心と体のこと
2014年04月13日
天狗おじいさん
また春がやって来てしまいました…。(吐息、笑)
去年のブログ私が苦手だったもの、春で書きましたが、どうにも春が苦手な私です。いい陽気のなか、お客様が晴れやかな表情で来店くださるのを拝見し、春もいいものだなぁと思うようになってきたのですが…。
もともと人でも物でもなににつけ「気」を察知しやすい性質、春が近づくと大気中から、土中から、あたりに満ち満ちてくるエネルギーに圧倒されてしまいます。普段から世の中とズレ感のある私は、ますます置いてきぼり感にさいなまれ、気分が落ち込みがちに。
寒暖の差の激しいこの季節は体調管理も難しく、今年は桜の開花宣言と共に風邪をひいてしまいました。眠いのは薬のせいと思っていたら、治ってもまだ眠い。ただただ眠い。春なのに冬眠したい気分。でも頑張らねば。馴染みのあるこの感覚…。
ああ、やっぱり春は苦手なんだ、と思い至る次第です。
結構気合を入れて書いているこのブログ、気力が続かず、いざ書こうと思ったら、私の不調が移ったのかパソコンがが不具合に(笑)。そんなこんなで間が空いてしまい申し訳ありません。
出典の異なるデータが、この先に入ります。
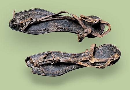 Diese Sandalen wurden bei Massada gefunden. Wahrscheinlich gehörten sie einem der jüdischen Aufständischen, die sich gegen die römische Herrschaft erhoben hatten und die Feste des Herodes zwischen 66 und 73 besetzt hielten - Beispiel für Schuhwerk aus der damaligen Zeit.

そんな春を過ごしながら、思い出される記憶が。三年前の出来事です。
随筆家、白洲正子さんの紹介で滋賀の湖北の観音様のことを知り、たびたび足を運んでいたのですが(ブログ観音様のお導き)、湖北のそのまた山奥に民話に出てきそうな宿を見つけ、その春、一人で出かけたのでした。
京都の桜が終わった頃で、冬には雪深いそのあたりは、ちょうど満開の時期でした。といっても京都の喧騒からは考えられないのどかさです。
宿で心づくしのもてなしを受け大満足の翌朝、これを逃すと数時間来ないバスに乗るために早めにバス停で待っていました。すると高齢の男性が近寄ってくるなり、大きな声で「あんた、誰や?」と。
このあたりは住民同士、皆が顔見知りなのでしょう。見かけない顔の私に驚かれたようです。訳を話すも耳が遠い様子、私も大きな声で旅行者であることを伝えました。
納得がいかれたおじいさん、私をしげしげ眺め「このごろのおなごは若々しいのぉ」と。そもそも何歳の設定で話されているのか不明で、私は「いえいえ」と笑ってごまかすばかり(笑)。するとおじいさん、「いいや、あんたは若々しい! それに生き生きしとる!」とますます大きな声で。
三年前の春といえば「しののめ寺町」開店の一年前です。当時「ほぼ専業主婦」だった私は、世のためにも人のためにも役に立っていない自分に不全感を募らせていました。ましてや季節は春、ますます落ち込む気持ちにいたたまれず、一泊ではありますが日常から逃避してきたような次第。褒められることなんて一つもありません。
今度は笑ってごまかす訳にいかず、「いえいえ」と大きく首を振り強く否定しました。するとおじいさん、語気を強め「わしは嘘はつかん、お世辞はよう言わん男や。ホンマ、あんたは生き生きしとる!」と。
胸にドンときました。余計な謙遜はむしろ失礼、当たっていてもいなくてもその言葉をありがたくいただこうと思いました。「ありがとうございます」と素直に礼を言うと、おじいさんは「うんうん」と頷き、「ホンマに生き生きしとる!」とそのあとも何度も繰り返されました。
山あいの静かなバス停、青空を見上げながら、自分が思うより案外生き生きと生きているのかも。模索しているだけであっても、それはそれで懸命に生きているということなのかも。そんなことを考えていました。
先にバスを降りたおじいさんの後姿を見送りながら、ふと、おじいさんは山の天狗だったんじゃないかと思いました。元気のない私を励まそうと人間に姿を変えて山から下りてきてくれたんじゃないか、と。なにやら身に合っていない背広、なにやらかみ合わない会話、高齢の割に軽やかな身のこなし…。駅前でバスを降りた時には、そうに違いないと確信していました。
春が来て、元気を失くすと、あの天狗おじいさんを思い出します。また会いたいなぁ。そうして大きな声で「あんたは生き生きしとる!」と言ってほしいなぁ。
気づけば、京都の街中でも、そんなふうに私を励ましてくださる方に出会えるようになりました。天狗おじいさんはいろいろな場所に、いろいろな姿で現れてくれるようです。
春の気配にも馴染んできたこのごろ、私の調子も戻りつつあります。今年度もよろしくお願いします。